Its recommendations, which were agreed to by the entire Council, reflect that the body of our organisation has reached its tether with the gate-keeping on membership, voting slates, factionalism, corruption, erroneous deployment, etc. The decision to affirm and strengthen the role, power and effectiveness of the Integrity Commission is no light matter in this regard. These outcomes are a deliberate attempt by the movement to ensure that we do not continue to tear each other apart either because we have different interests or because we have not been able to see progress in overcoming present challenges. Therefore, with this understanding, it demonstrates our readiness to accept our mistakes and to correct them.

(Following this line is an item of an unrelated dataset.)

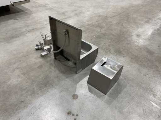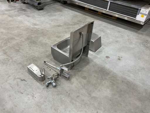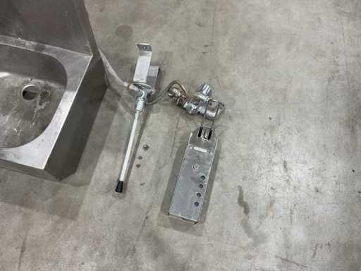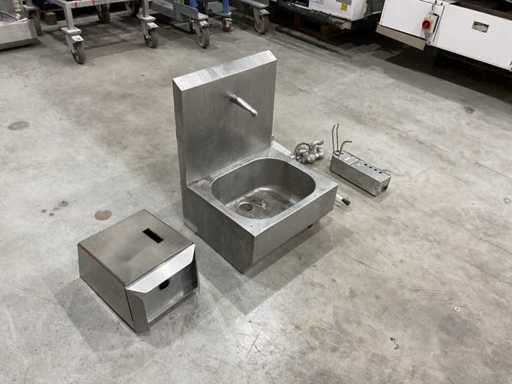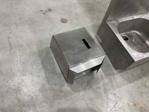 Stainless steel sink with knee-operated taps; paper roll holder; soap dispenser
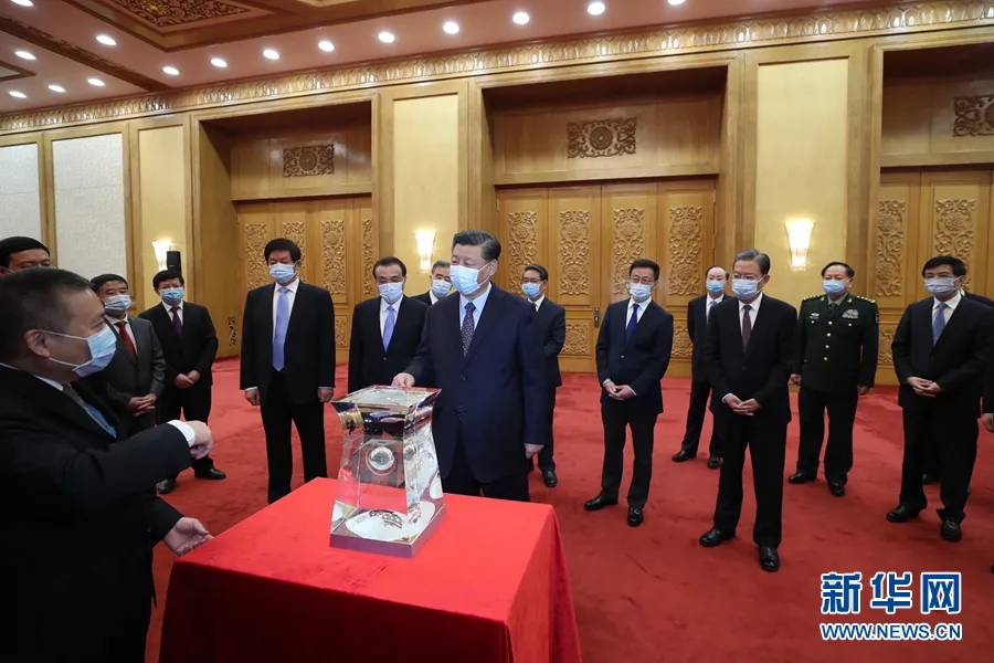 2021年2月22日,北京人民大会堂,习近平总书记亲切会见探月工程嫦娥五号任务参研参试人员代表并参观月球样品和探月工程成果展览。总书记深情寄语航天科技工作者:继续发挥新型举国体制优势,加大自主创新工作力度,为增进人类福祉作出新的更大贡献。作为我国复杂度最高、技术跨度最大的航天系统工程,嫦娥五号任务突出彰显了中国自主创新实力,是中国科技自立自强的典范。

Premised on this, the task of our leadership - in its collective, is to communicate this readiness displayed in the NGC; and to make concerted effort to implement it. It serves no purpose, other than tearing each other apart and further creating disunity in the organisation and among our people, to regurgitate the ills particularly when remedies have been proposed, coupled with the seriousness to put them into effect.

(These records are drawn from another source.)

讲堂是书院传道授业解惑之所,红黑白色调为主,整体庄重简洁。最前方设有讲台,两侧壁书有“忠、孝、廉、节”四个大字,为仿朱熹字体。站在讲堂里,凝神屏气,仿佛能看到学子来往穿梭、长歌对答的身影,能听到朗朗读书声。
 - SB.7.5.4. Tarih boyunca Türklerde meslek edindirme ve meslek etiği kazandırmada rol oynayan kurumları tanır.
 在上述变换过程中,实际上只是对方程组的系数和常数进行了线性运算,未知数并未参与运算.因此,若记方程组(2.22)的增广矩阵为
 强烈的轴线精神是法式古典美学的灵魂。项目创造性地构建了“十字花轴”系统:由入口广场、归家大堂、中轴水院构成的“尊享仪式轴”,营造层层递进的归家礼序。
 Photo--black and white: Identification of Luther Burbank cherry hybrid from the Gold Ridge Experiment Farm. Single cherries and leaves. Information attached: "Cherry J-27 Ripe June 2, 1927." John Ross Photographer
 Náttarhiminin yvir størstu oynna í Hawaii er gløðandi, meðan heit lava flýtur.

This is at the heart of what leadership is and what organisational change is about. As Ira Chaleff, a lead figure in leadership and coaching proposes, in the face of leadership flaws, too many people assume cynical perspectives, rather than do the hard work of building relationships in which they can have more positive influence. Our leadership, collectively, should transcend this cynicism and invest in making a positive influence in the change that those who are led yearn for. Its ability to think through the difficulties that bedevil the movement, as the NGC has just demonstrated, is the means through which we can realise the change in our movement - what we term organisation-building and renewal. Otherwise we would be faced with what the organisational consultant, William Bridges, articulates in the manner that, nothing undermines organizational change as the failure to think through the losses people face.

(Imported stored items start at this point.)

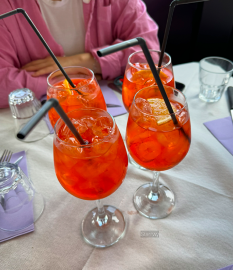 우리는 먼저 이탈리아식 식전주 스프리츠를 시켰다. 스프리츠는 프로세코(스파클링 화이트 와인)와 아페리티프 리큐어를 섞은 일종의 칵테일이다. 쨍한 햇살을 담은 것 같은 주황색 음료를 빨대로 쪽 빨아 마시면, 프로세코의 청량감은 그대로 느껴지지만 의외로 꽤 쌉쌀한 맛이 난다. 만약 환타 같이 달았다면 마시다가 오히려 빠르게 질렸을 수도 있겠다.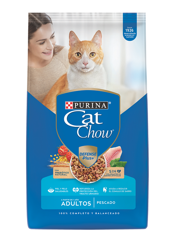 El nuevo PURINA CAT CHOW ADULTOS DELICIAS DE PESCADO CON DEFENSE PLUS ofrece los nutrientes que tu gato necesita para mantenerse bello y saludable. Contiene Pescado, rico en Omegas 3 & 6, que ayudan a tener una piel y un pelo saludables.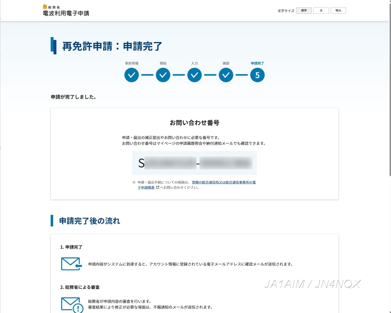 アカウントさえ発行させれば今まで電子申請liteで申請していたこともあり、また、変更事項もないため、なんとものの5分で再免許申請が終了!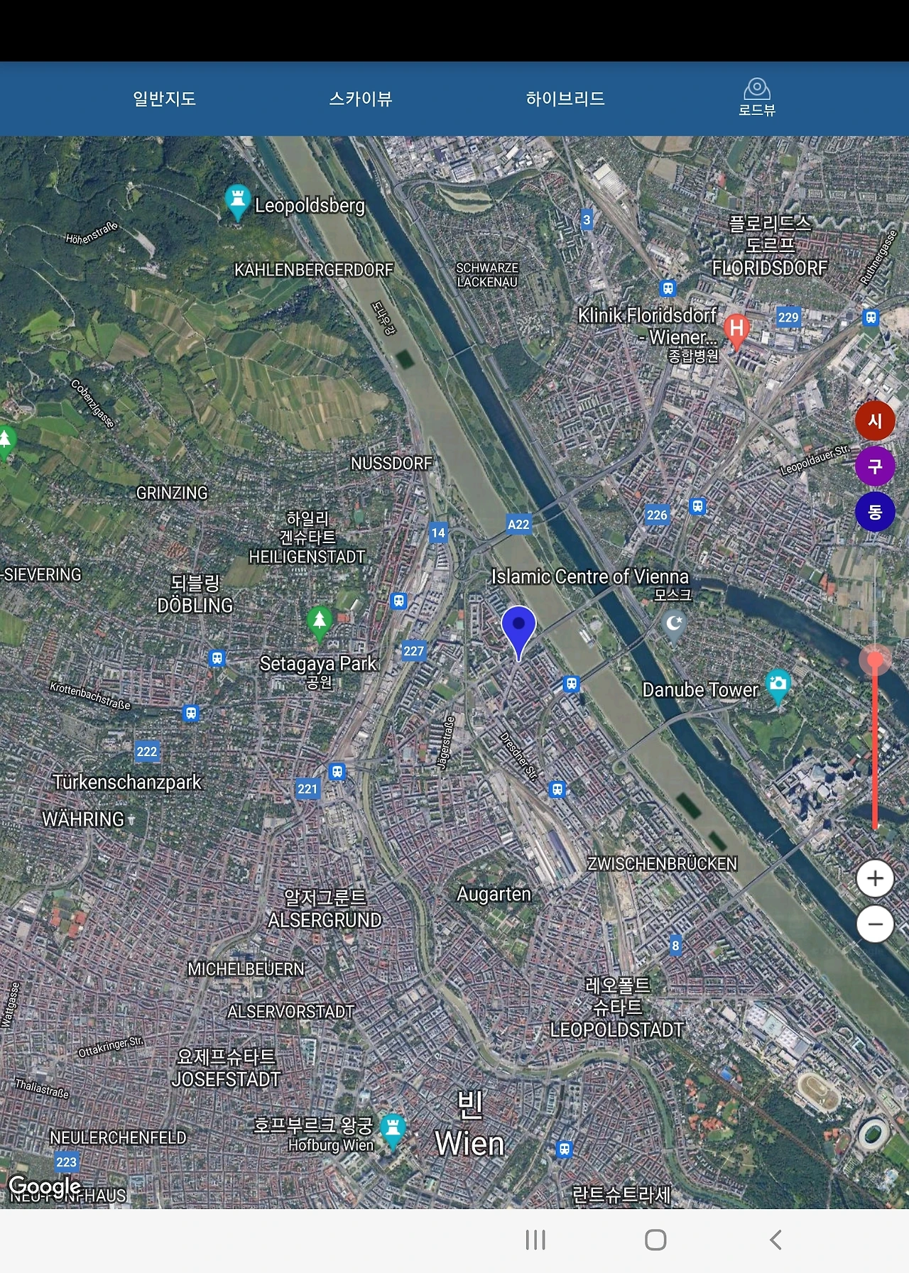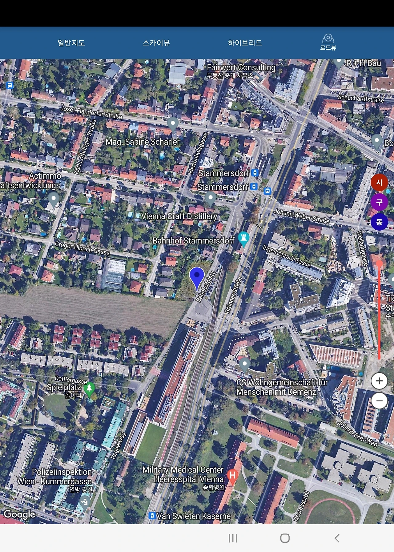난 서프로 위치를 보고 구글 맵에서 로드뷰를 캡처해 보냈더니 우측 사진을 보냈다. 거기 앞에 버스가 서더라며 가까운 슈테판 성당으로 갈까 생각 중이란다. 날씨가 어째 비가 올 것 같다더니 실제로 비가 와서 조금 맞고 다녔다고.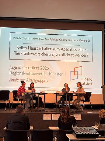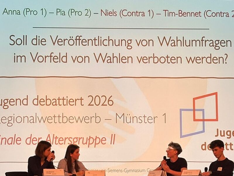 In der Altersgruppe I überzeugten die Teilnehmenden mit Sachkenntnis, klarer Struktur und fairer Gesprächsführung. Besonders erfolgreich war Liora Bühning (8d), die sich mit einer starken Leistung einen hervorragenden 3. Platz in der Region Münster sicherte. Mit durchdachten Argumenten und ruhiger Präsenz im Finale zur Frage nach einer Versicherungspflicht für Haustiere bewies sie eindrucksvoll, wie reflektiert strittige Fragen auf großer Bühne debattiert werden können.

Leadership in this instance, at least in the sense of our movement, cannot be conceived of in terms of former and present. Once an individual was elected into the position of leadership they do not cease to be a leader of the organisation. What ceases to be is the fact that they are not serving in a directly elected position of leadership in that moment. This is why our movement enables ex officio participation for of its previous most senior officials in high organs as the National Executive Committee (NEC), and invites those who would have served in these leadership structures before to participate in its various national conferences. This is recognition of their continued leadership of the organisation, while not incumbents, and responsibility to guide it and to find solutions with those who are its official stewards. It is presupposed that their past experience and the fact that they were accorded with such responsibility, continues to place them at the service of others who lead today and the movement at large. It is the trust they earned for having led the organisation before and, therefore, are entrusted with it to the end. This worldview inherently gives meaning to the theory and practice of collective leadership that our movement has preoccupied itself with, which surpasses positions people hold at given periods of history.

If and when we share a common understanding of collective leadership and the burden of responsibility it bears, we would be better-placed to seek a consensus on what and how its form of expression should be in a plural and democratic country. In many ways ours, both the organisation and the country, is a democracy resonant of Western democracies. Most recently some former UK Labour Party MPs and Ministers comment publicly about their current leader - Jeremy Corbyn. Some have gone as far as suggesting Labour will not win the next elections under his leadership.

Instead of sometimes, seemingly, wanting our present reality to resemble our organisation in its previous historical form we should decipher the form that can best represent its essence today. In addition, rather than appear to be pontificating we should all be engendering, in word and deed, the outcomes of the National General Council. By so doing, we will succeed to foster and defend unity of the ANC and the unity of our people in general.